2) Topalov vs Kramnik (round 6). Kramnik at the end of the game, in the press conference, was "whining" that he lost the game because Topalov had prepared all in home with a computer, almost like suggesting that he lost to a computer:

[FEN ""]
[Event "FIDE Candidates 2014"]
[Site "Khanty-Mansiysk RUS"]
[Date "2014.03.19"]
[Round "6.1"]
[White "Topalov, Veselin"]
[Black "Kramnik, Vladimir"]
[Result "1-0"]
[WhiteTitle "GM"]
[BlackTitle "GM"]
[WhiteElo "2785"]
[BlackElo "2787"]
[ECO "D37"]
[Opening "QGD"]
[Variation "classical variation (5.Bf4)"]
[WhiteFideId "2900084"]
[BlackFideId "4101588"]
[EventDate "2014.03.13"]

1. d4 Nf6 2. c4 e6 3. Nf3 d5 4. Nc3 Be7 5. Bf4 O-O 6. e3 Nbd7 7. c5 Nh5 8. Be5
c6 9. Bd3 g6 10. h4 f5 11. Bh2 b6 12. b4 f4 13. O-O a5 14. b5 bxc5 15. bxc6 Nb8
16. Bb5 Ba6 17. a4 Qc8 18. dxc5 Nxc6 19. Nxd5 exd5 20. Qxd5+ Kh8 21. Qxc6 Qxc6
22. Bxc6 Rac8 23. Bb5 Bxb5 24. axb5 Bxc5 25. Rxa5 fxe3 26. fxe3 Bxe3+ 27. Kh1
Rc2 28. Rb1 Rfc8 29. Raa1 Bb6 30. Be5+ Kg8 31. Ra6 Be3 32. b6 Rc1+ 33. Rxc1
Rxc1+ 34. Kh2 Rb1 35. g4 Bf4+ 36. Kg2 Bxe5 37. Nxe5 Nf4+ 38. Kf3 Ne6 39. b7 Rb3+
40. Kf2 Rb2+ 41. Ke3 1-0

So, looks like nowadays high-level chess players have to take in consideration when analyzing variations during the game, that some of that variations may be had been analyzed beforehand by his opponent with the help of the computer.

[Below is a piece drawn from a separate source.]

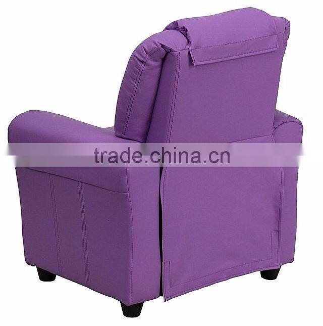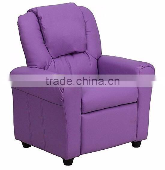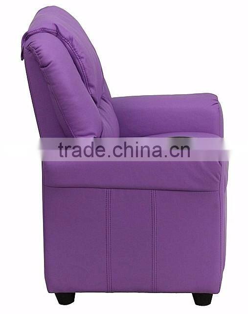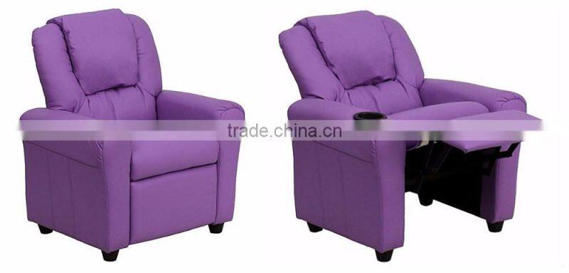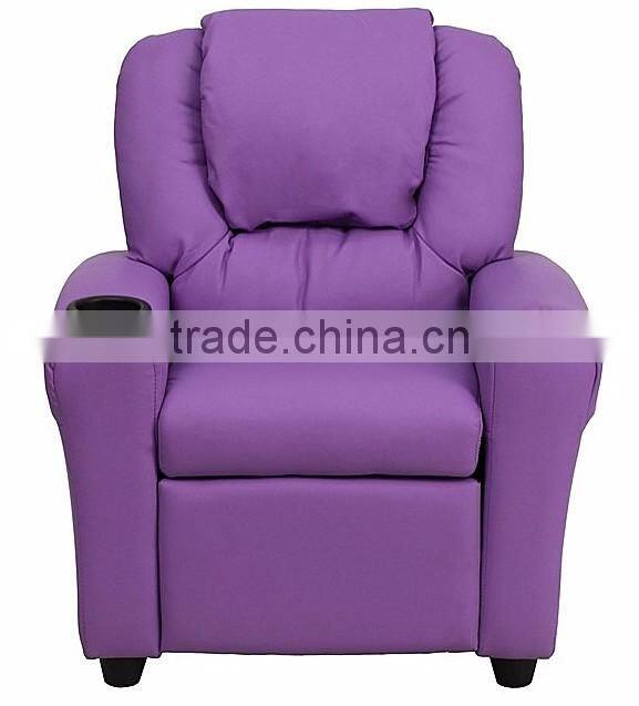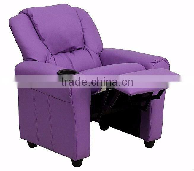 Contemporary Purple Vinyl Kids Recliner With Cup Holder and Headrest

For a fan o chess as I, this computer home preparation takes all the fun of the game, because when for example Tal sacrificed a piece, was awesome because he had to think about it over the board, or at least it was human home preparation. Nowadays, if a player sacrifices a piece on the opening, people will most likely thing that this sacrifice was home computer preparation, so it is not awesome anymore. Looks like the game is becoming more about memorizing sequences of moves.

My question is:

It is true the engines have level up the game, but can we also conclude that engines at a certain level are destroying the human cognitive process or figuring out moves by them selfs over the board (mainly at opening phase)?

How can someone play the game in a way that he can avoid computer home preparation?

Thanks.

6
  • 3
    This is an interesting question, but it is purely opinion based, which is not a good fit for SO format.
    – Akavall
    Mar 20, 2014 at 16:14
  • 1
    @Akavall: The first question is opinion based, but the second can have a concrete answer though. Maybe OP should rephrase the first question? Best regards. Mar 20, 2014 at 16:45
  • Humm, Okey I will try to rephrase first question.
    – dreamcrash
    Mar 20, 2014 at 18:22
  • 3
    Links to games would be nice. Not everyone knows about what happened in round X in tournament Y between A an B. Mar 21, 2014 at 12:01
  • As soon as I get home, I will edit the question with the links, if I managed to find them of course :D.
    – dreamcrash
    Mar 21, 2014 at 12:04

8 Answers 8

25

My short answer: no, computers are not destroying chess. And now here comes a really long version ...

Your first question:

It is true the engines have level up the game, but can we also conclude that engines at a certain level are destroying the human cognitive process of figuring out moves by themselves over the board (mainly at opening phase)?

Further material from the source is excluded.